Он вынул небольшую книжечку, открыл ее, она была разграфлена не только по дням, но и по часам.

– Она и ее муж были в Испании шесть месяцев и двадцать девять дней, воевали в республиканской, то есть коммунистической, армии, пока его не убили в бою, она сама осталась в госпитале после ранения и работала санитаркой, пока республиканцы не эвакуировали ее через границу во Францию.

– …о чем знают даже тут, в Джефферсоне.

– Да, – сказал он. – Перед этим она семь лет жила в Нью-Йорке в гражданском браке…

– …и это, конечно, ставится ей в вину не только тут, в Джефферсоне, но и в Вашингтоне. – Но он даже не остановился.

– …со всем известным зарегистрированным членом коммунистической партии и близким соратником других известных членов коммунистической партии, о чем, быть может, у вас в Джефферсоне и неизвестно.

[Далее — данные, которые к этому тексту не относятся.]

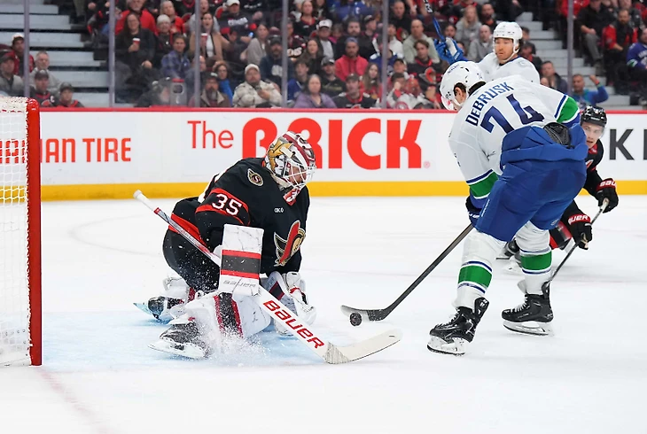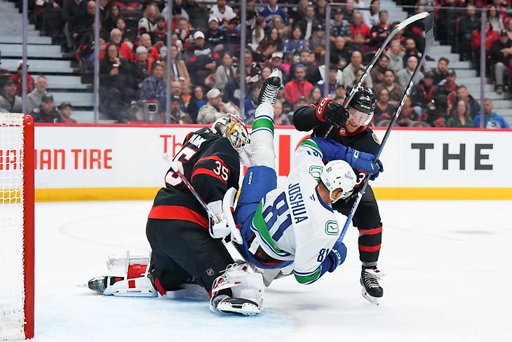 Выездное турне было шансом разжиться очками в таблице: вроде бы не самые сильные соперники. Хотя, может быть, учитывая состояние команды, таких лучше отложить на потом? Матч в Оттаве начался качественно, но еще при 0:0 Хьюз получил очень спорный матч-штраф. Кроссчек, безусловно, был, но таких много, а к суровому решению привело падение Джоша Норриса, кстати, бывшего колледжского тиммейта и соседа Куинна по комнате, лицом в борт. Однако «Кэнакс» выстояли пять минут в меньшинстве и открыли счет в своем большинстве. Брэди Ткачак восстановил равновесие во втором периоде, но дальше превратил матч в одну большую истерику, в то время как «Ванкувер» довел перевес до 4:1. И хотя в концовке при неоднозначной работе арбитров «Сенаторз» смогли сократить отставание до минимума, на большее у них уже не осталось времени.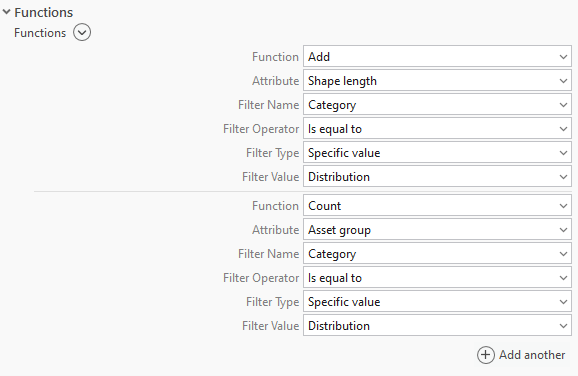 In that case we could use the filtering fields for each function to only calculate values that meet the filter criteria. In the example below we added a filter for features that have a custom network category called Distribution assigned to them.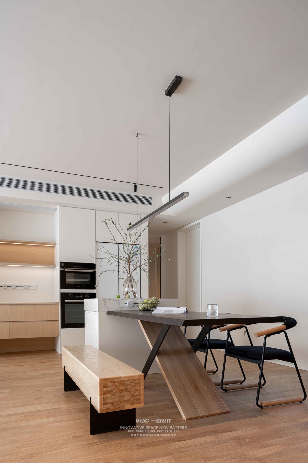 餐厅与客厅扩宽联通,打造了一个开阔而又自然的视觉效果,用餐体验更为舒适,延续整体木质质感的设计,简洁,但是氛围感十足,三色搭配不多不少刚刚好,如果说餐台是一张白纸,绿植和果蔬菜肴就是最好的颜料,装饰这个空间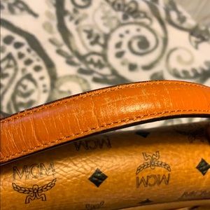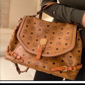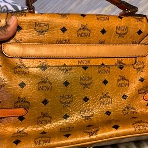 Briefcase-like crossbody bag. Can be carried by strap also. See all pics for condition, especially pic 6. Darkening that does not take away from the bag at all and cannot be seen when worn. Nice size. Dimensions: 15W x 10 H x 5.5 D. Final price drop! Please do not make any offers for anything lower. Dust bag included.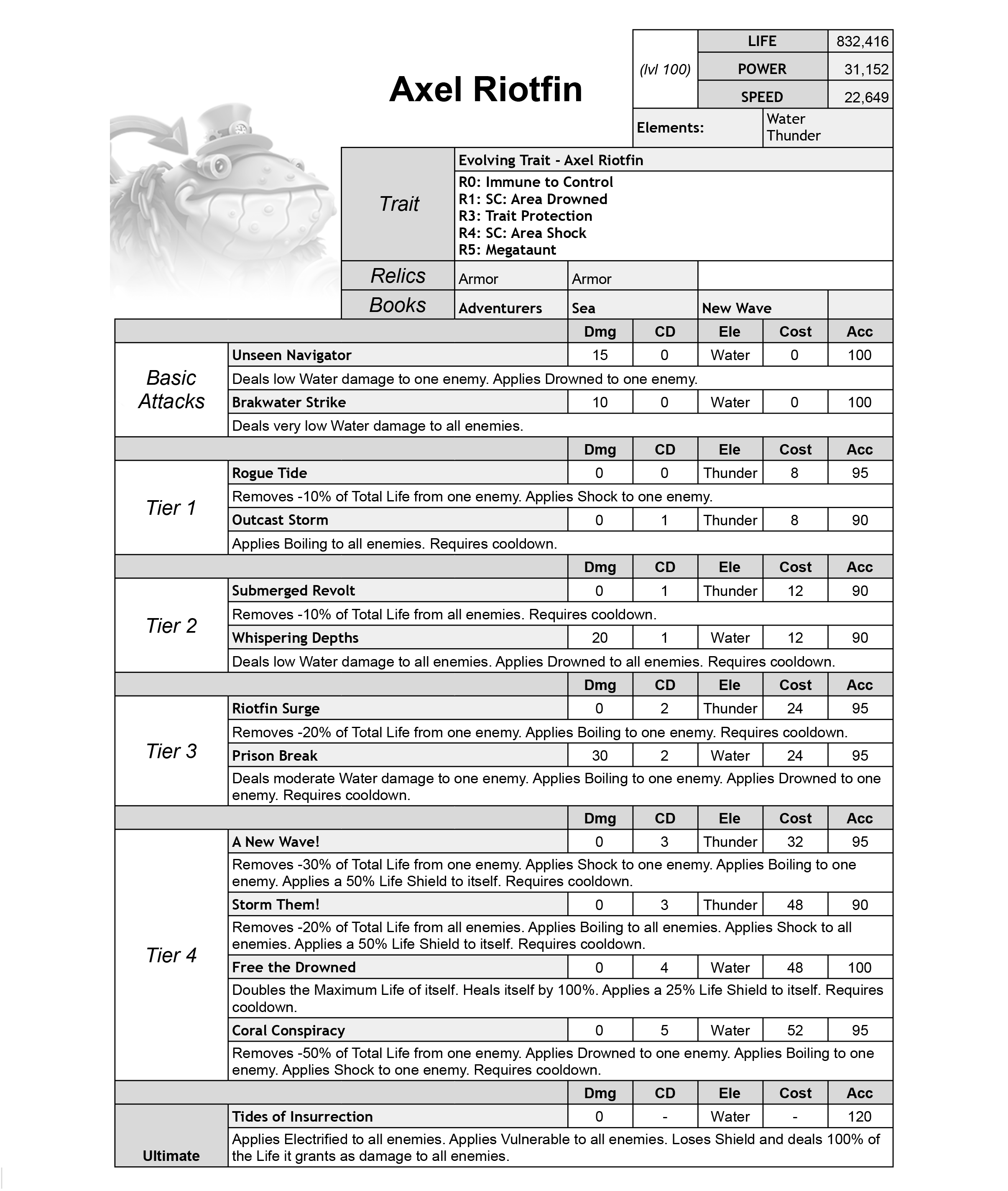 Axel Riotfin is a Tank - Brute hybrid with Life Removal, Drowned, Shock, and Boiling skills, plus Trait Protection and Tough as traits.
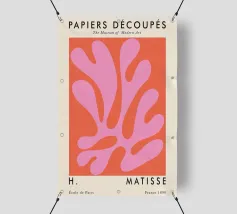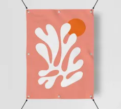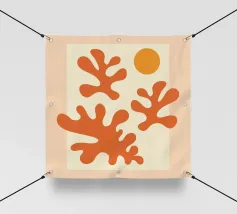 arte botanica astratta, forme moderne di piante, foglie di corallo rosa, illustrazione del sole arancione, sfondo blu pastello, design floreale minimalista, natura astratta contemporanea, grafica fogliare giocosa, opera d'arte dalle forme audaci, stampa ispirata a Matisse, atmosfera moderna tropicale, flora astratta vibrante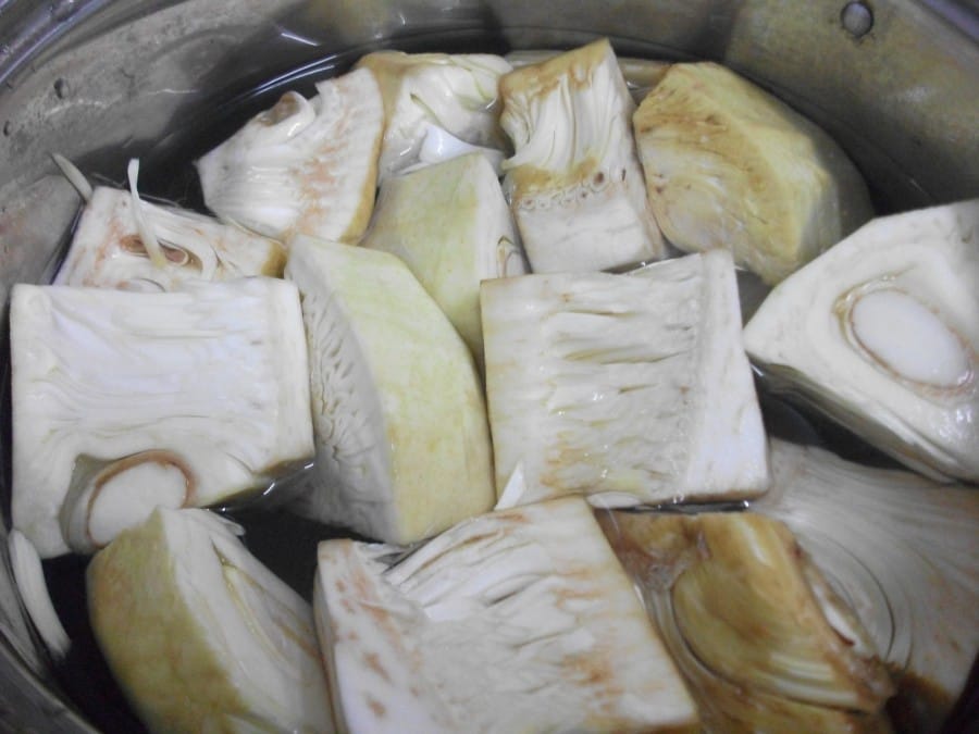 - Pertama rebus nangka dengan bumbu halus dan air secukupnya dalam kuali khusus untuk membuat gudeg. Tunggu hingga warna nangka berubah agak memerah dan terasa empuk.

– Так, – сказал я. – Дальше?

Он закрыл записную книжку, положил ее в карман и снова посмотрел на меня совершенно спокойно, совершенно равнодушно, словно пространство между нами было линзой микроскопа:

– Значит, она знала людей не только в Испании, но и тут, в Соединенных Штатах, людей, которые пока что неизвестны даже нам, – членов компартии и агентов, важных людей, хотя и не столь заметных, как еврейские скульпторы, и колумбийские профессора, и всякие интеллигентные дилетанты. – И вот тут-то я его наконец понял.

– Все ясно, – сказал я. – Вы предлагаете мену. Вы ей гарантируете неприкосновенность в обмен на список имен. Ваше бюро обелит ее, превратит из врага в обыкновенную доносчицу. А есть у вас какой-нибудь ордер?

– Нет, – сказал он. Я встал.

– Тогда прощайте, сэр! – Но он не сдвинулся с места.

– Значит, вы ей не станете советовать?

– Нет, не стану, – сказал я.

– Ваше отечество в опасности, может быть, даже под угрозой гибели.

– Но угроза – не она, – сказал я. И тут он тоже встал и взял шляпу со стола.

– Смотрите, как бы вам не пришлось пожалеть об этом, мистер Стивенс.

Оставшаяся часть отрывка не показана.